• _Stored data_
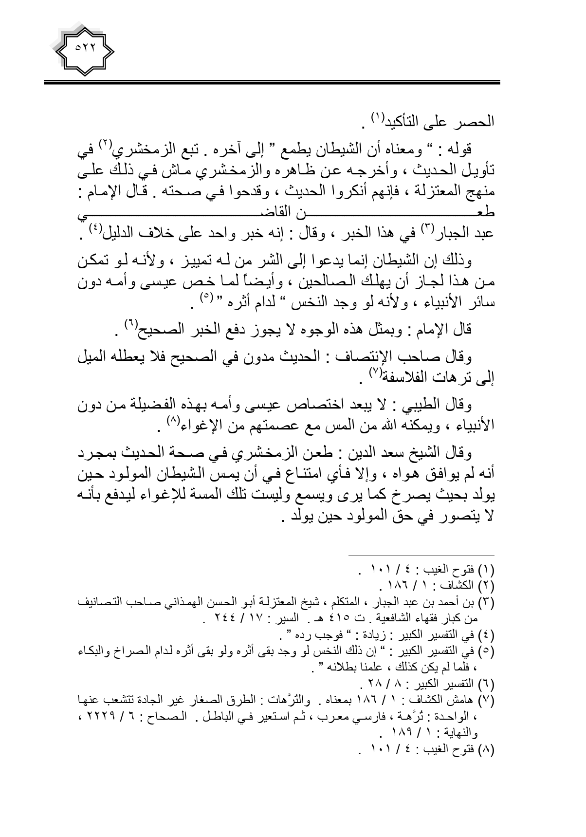 وقال الشيخ سعد الدين: طعن الزمخشري في صحة الحديث بمجرد أنه لم يوافق هواه، وإلا فأي امتناع في أن يمس الشيطان المولود حين يولد بحيث يصرخ كما يرى ويسمع وليست تلك المسة للإغواء ليدفع بأنه لا يتصور في حق المولود حين يولد.
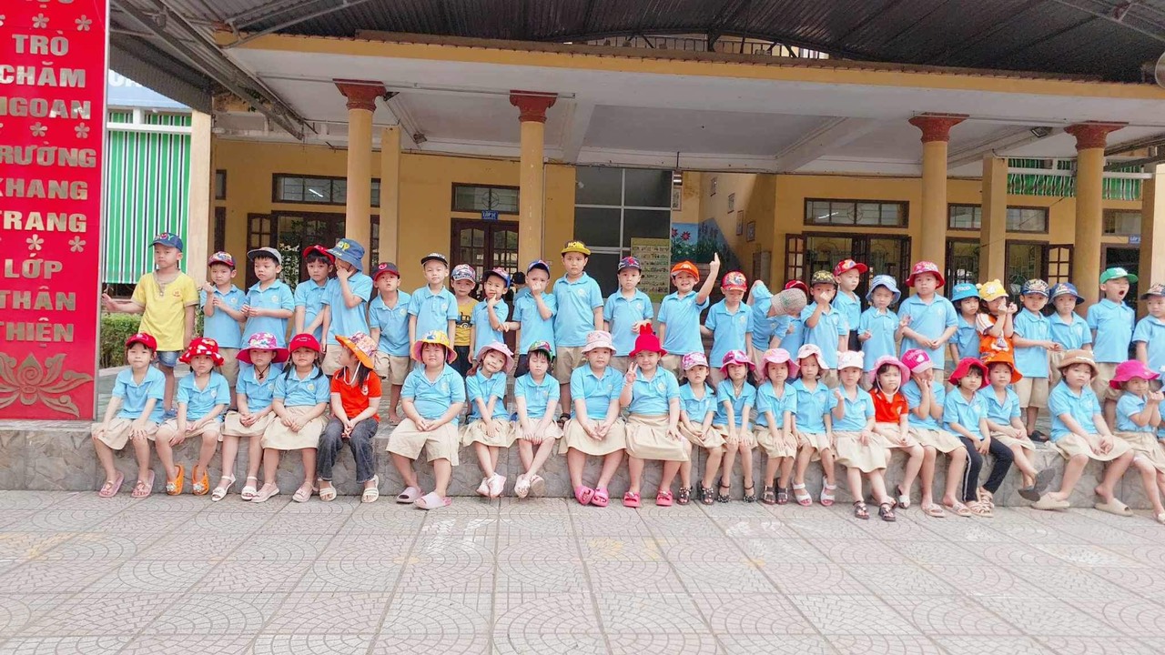 Đúng 7 giờ 20 phút các bé khối Lá tay trong tay với đồng phục gọn gàng tập trung trước sân trường để cùng với GVCN chuẩn bị cuộc hành trình đến Trường Tiểu học Tân Viên.
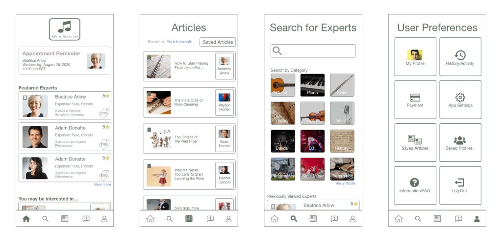 I was tasked with creating an expert focused application for CareerFoundry’s UX Immersion portion of the design course. With my background in music, I thought to create a product for musicians of various levels to contact expert musicians about any music-related topic, from taking lessons for specific instruments to learning more about music theory or history.
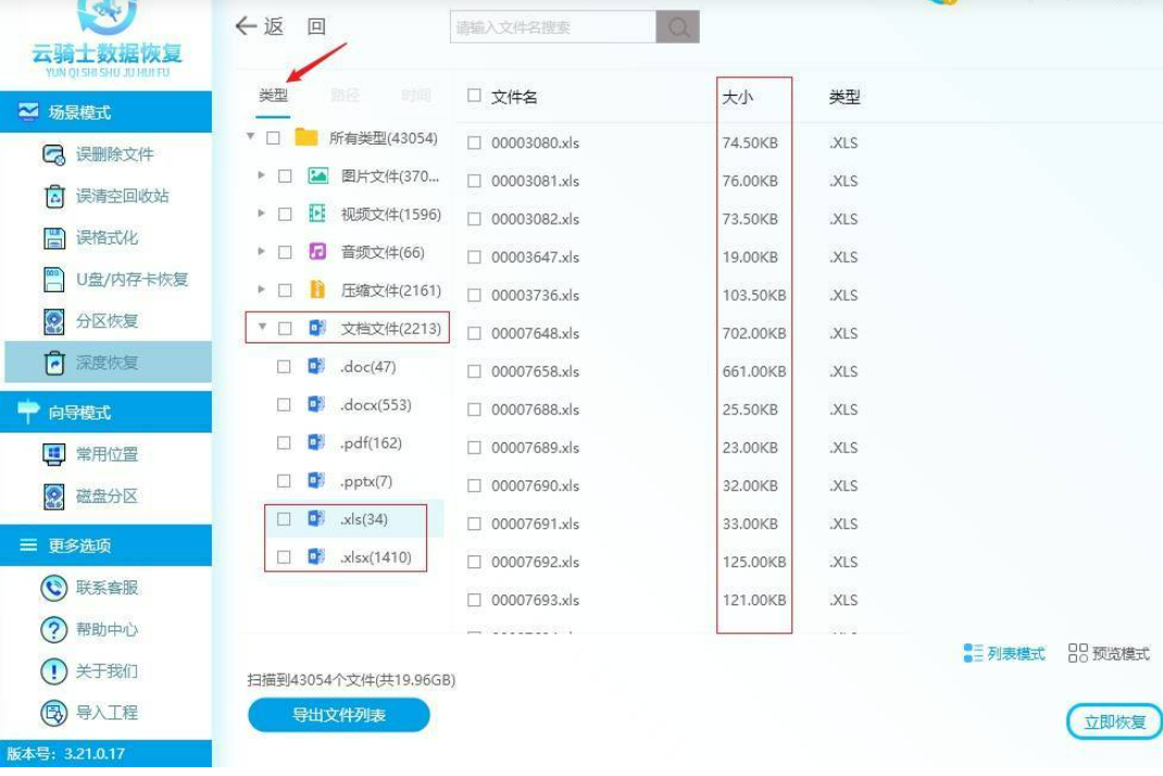 3、扫描结束后用户可以通过右侧【文档文件】类型下的xls和xlsx格式找到excel文件,或者通过文件【大小】方式来查找软件扫描出的文件。

• _Exercise details_
Having located the line with "I was tasked", transcribe exactly and only the lines from it to the final line of the material, skipping the pictures.

• _Task result_
 I was tasked with creating an expert focused application for CareerFoundry’s UX Immersion portion of the design course. With my background in music, I thought to create a product for musicians of various levels to contact expert musicians about any music-related topic, from taking lessons for specific instruments to learning more about music theory or history.
 3、扫描结束后用户可以通过右侧【文档文件】类型下的xls和xlsx格式找到excel文件,或者通过文件【大小】方式来查找软件扫描出的文件。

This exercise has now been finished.